After the Friday night eviction of Tom Green, the winner of Celebrity Big Brother is guaranteed to be a woman or former NFL star Ricky Williams, an African American..
Green joins Jonathan Bennett, Ryan Lochte, Joey Lawrence, Kato Kaelin on the jury.
(Anthony Scaramucci was never technically in the cast.)
Natalie Eva Marie was also a victim of the double elimination.
That leaves Williams, Kandi Burruss, Tamar Braxton, Lolo Jones, and Dina Lohan competing for the win.
Three African Americans (one male, two female), one biracial woman, and one white woman.
That’s significant — some would say historic — considering the history of the show.
Since 2000, 13 of the 20 winners have been men.
Of those, all but one has been white.
Josh Martinez from Season 19 was the first Hispanic American winner in the show’s history.
For the women, Jun Song from Season 4 and Kaycee Clark from Season 20 are Asian American.
There has never been an African American winner.
Out of approximately 250 houseguests in the history of the show, around 30 have been people of color.
Visually, it’s not difficult to confirm what’s happening in the casting process:
There are more seasons, but you get the idea.
When people think of Big Brother and race, many thoughts turn to BB15, which was notoriously known for the slew of racist, homophobic, and other problematic comments made by its contestants.
But the reality is every season seems tilted racially when there is a clear lack of diversity.
It doesn’t help that black houseguests typically fall into the archetypes of the “angry black man/woman,” the “intense black man/woman” or one of the show’s most popular — “the religious outcast.”
In Season 20, last summers show, only two of the 16 houseguests were African American.
So why is this lack of diversity still happening?
Former CBS Entertainment President Glenn Geller was asked about it in 2016.
He refused to mention any casting problems, instead emphasizing that Big Brother is just a “social experiment.”
But it’s hard to have much of an “experiment” if most of the faces are young and white.
“They are more concerned with keeping their core audience than building a bigger audience,” Marvin Latimer from Season 5 told JimHeath.TV. “And with the way TV is splintered now with choices like Netflix, Amazon, DVD On Demand, the competition is triple what it was when I was on the show.”
So keeping the cast mainly white is a cash formula that has worked for 19 years.

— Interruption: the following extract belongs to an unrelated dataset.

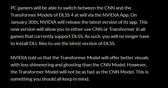 For me right now, as someone who uses VR almost all the time, even without upgrading from a 4090, the improvements in DLSS 4 which are coming to most Nvidia cards will certainly be very welcome. Not the new multi frame generation, as that does not work in VR, but the new method of upscaling, which promises better clarity and handling of movement. As FS 2024 currently has around 30% lower framerates in VR than FS2020, especially for higher resolution headsets, forcing the use of more DLSS upscaling, this is a big deal.

And if it’s making some cash for the network, don’t expect many changes.
The same formula used nearly twenty years ago is the same formula used today: A cast of 16: 14 white, 8 men 6 women, and all in their 20’s with one or two exceptions.
(It’s not just race many argue, but age discrimination as well.)
If Big Brother continues on past the Les Moonves and Julie Chen era, let’s hope the casting crew learns what Celebrity Big Brother 2 has taught us:
Put a diverse cast in the house and you can truly expect the unexpected.